• _Instructions for the task_: Transcribe everything in the listing as written, and let no image into the copy.

• _Raw data_:
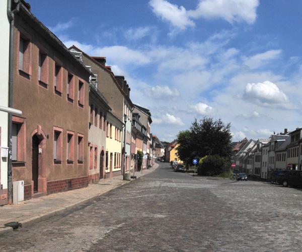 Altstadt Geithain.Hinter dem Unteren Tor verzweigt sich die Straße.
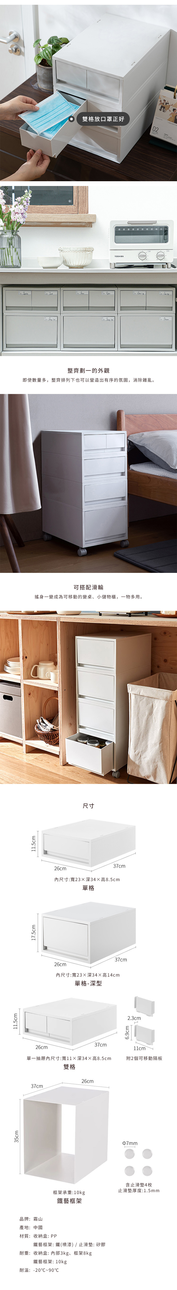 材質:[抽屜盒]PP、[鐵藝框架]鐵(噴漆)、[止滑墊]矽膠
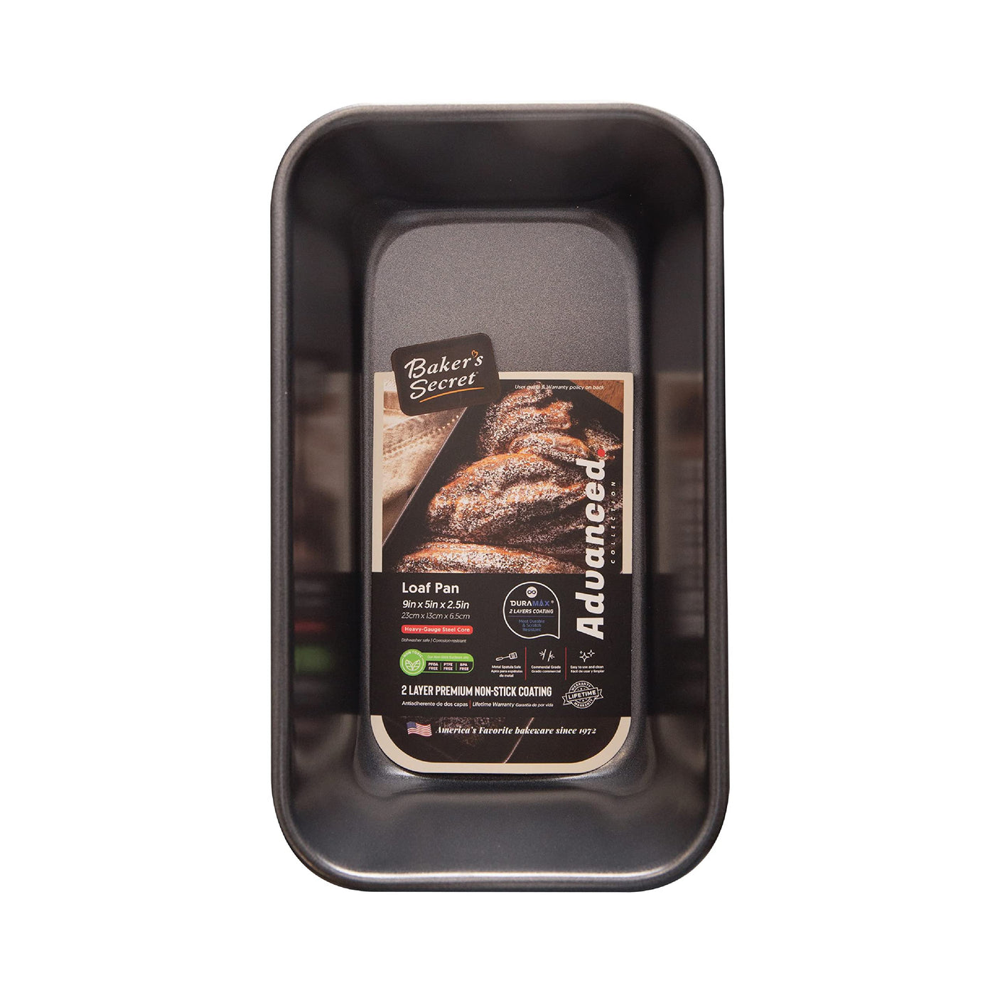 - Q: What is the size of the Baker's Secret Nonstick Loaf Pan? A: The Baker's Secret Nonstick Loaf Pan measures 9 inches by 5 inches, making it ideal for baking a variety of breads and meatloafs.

• _Answer for the task_:
 Altstadt Geithain.Hinter dem Unteren Tor verzweigt sich die Straße.
 材質:[抽屜盒]PP、[鐵藝框架]鐵(噴漆)、[止滑墊]矽膠
 - Q: What is the size of the Baker's Secret Nonstick Loaf Pan? A: The Baker's Secret Nonstick Loaf Pan measures 9 inches by 5 inches, making it ideal for baking a variety of breads and meatloafs.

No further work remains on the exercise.